WHAT YOU SHOULD DO: Print, exactly as they stand, the lines below from the one that has "VIKSA-SS.BL is an" to the one that has "Celana Jeans Sobek", inclusive, leaving out the pictures.

[EXTRACTED MATERIAL]

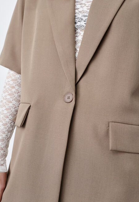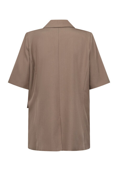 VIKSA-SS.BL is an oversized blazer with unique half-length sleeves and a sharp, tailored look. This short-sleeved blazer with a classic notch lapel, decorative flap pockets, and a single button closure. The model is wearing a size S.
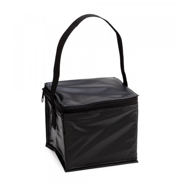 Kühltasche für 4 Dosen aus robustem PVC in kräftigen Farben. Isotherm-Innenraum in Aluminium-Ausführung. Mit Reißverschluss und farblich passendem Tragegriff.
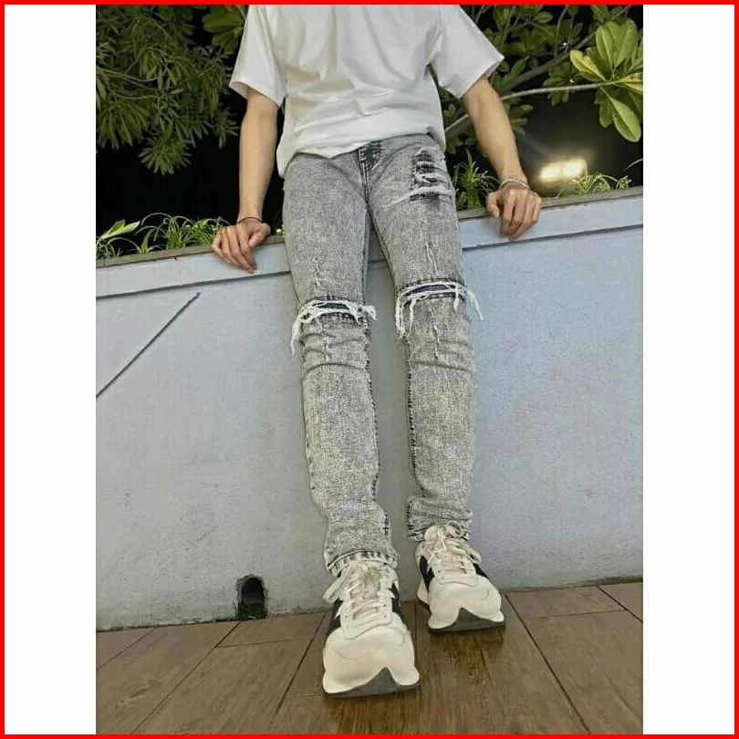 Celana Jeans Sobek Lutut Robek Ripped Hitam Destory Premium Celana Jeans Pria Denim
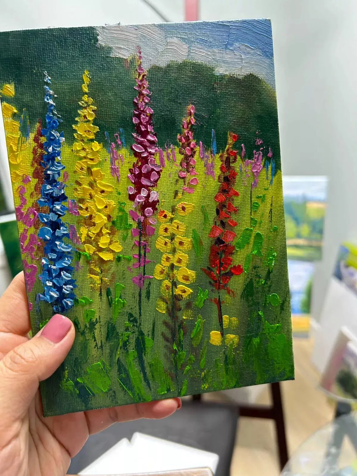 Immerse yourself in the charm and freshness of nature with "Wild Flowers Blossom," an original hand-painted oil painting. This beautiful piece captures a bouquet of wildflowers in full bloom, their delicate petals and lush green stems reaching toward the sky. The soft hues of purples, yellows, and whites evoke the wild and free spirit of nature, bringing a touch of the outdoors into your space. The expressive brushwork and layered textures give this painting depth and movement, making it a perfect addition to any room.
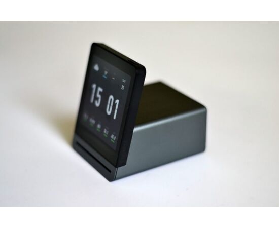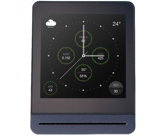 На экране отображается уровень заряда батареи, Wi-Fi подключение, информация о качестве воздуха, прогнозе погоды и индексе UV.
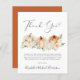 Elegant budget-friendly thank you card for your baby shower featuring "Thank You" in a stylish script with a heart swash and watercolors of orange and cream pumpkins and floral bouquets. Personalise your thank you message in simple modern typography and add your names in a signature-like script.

[/EXTRACTED MATERIAL]
[EXTRACTED MATERIAL]

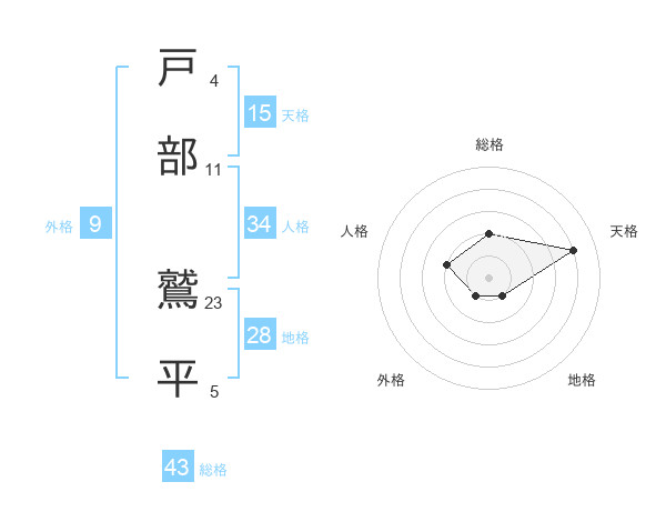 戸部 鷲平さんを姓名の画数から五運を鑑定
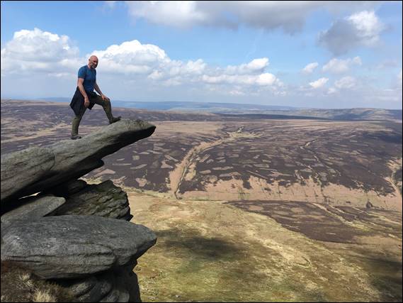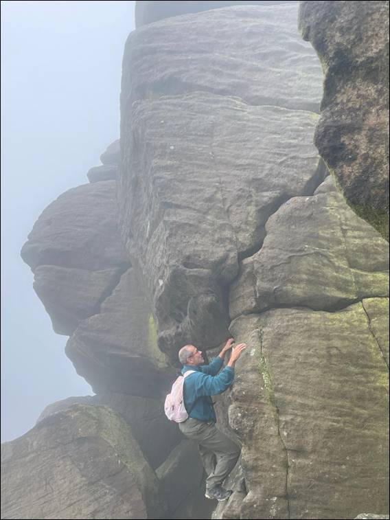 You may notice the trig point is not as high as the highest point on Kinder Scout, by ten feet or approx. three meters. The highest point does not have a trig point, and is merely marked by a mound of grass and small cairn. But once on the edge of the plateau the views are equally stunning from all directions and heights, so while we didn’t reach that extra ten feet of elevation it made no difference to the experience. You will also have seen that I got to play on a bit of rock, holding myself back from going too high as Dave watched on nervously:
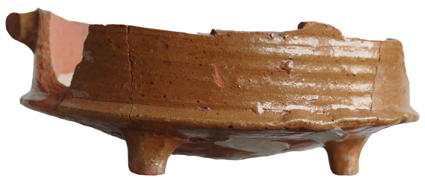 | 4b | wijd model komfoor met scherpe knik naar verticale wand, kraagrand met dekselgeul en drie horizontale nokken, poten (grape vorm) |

[/EXTRACTED MATERIAL]

THE COMPLETED TASK:
 VIKSA-SS.BL is an oversized blazer with unique half-length sleeves and a sharp, tailored look. This short-sleeved blazer with a classic notch lapel, decorative flap pockets, and a single button closure. The model is wearing a size S.
 Kühltasche für 4 Dosen aus robustem PVC in kräftigen Farben. Isotherm-Innenraum in Aluminium-Ausführung. Mit Reißverschluss und farblich passendem Tragegriff.
 Celana Jeans Sobek Lutut Robek Ripped Hitam Destory Premium Celana Jeans Pria Denim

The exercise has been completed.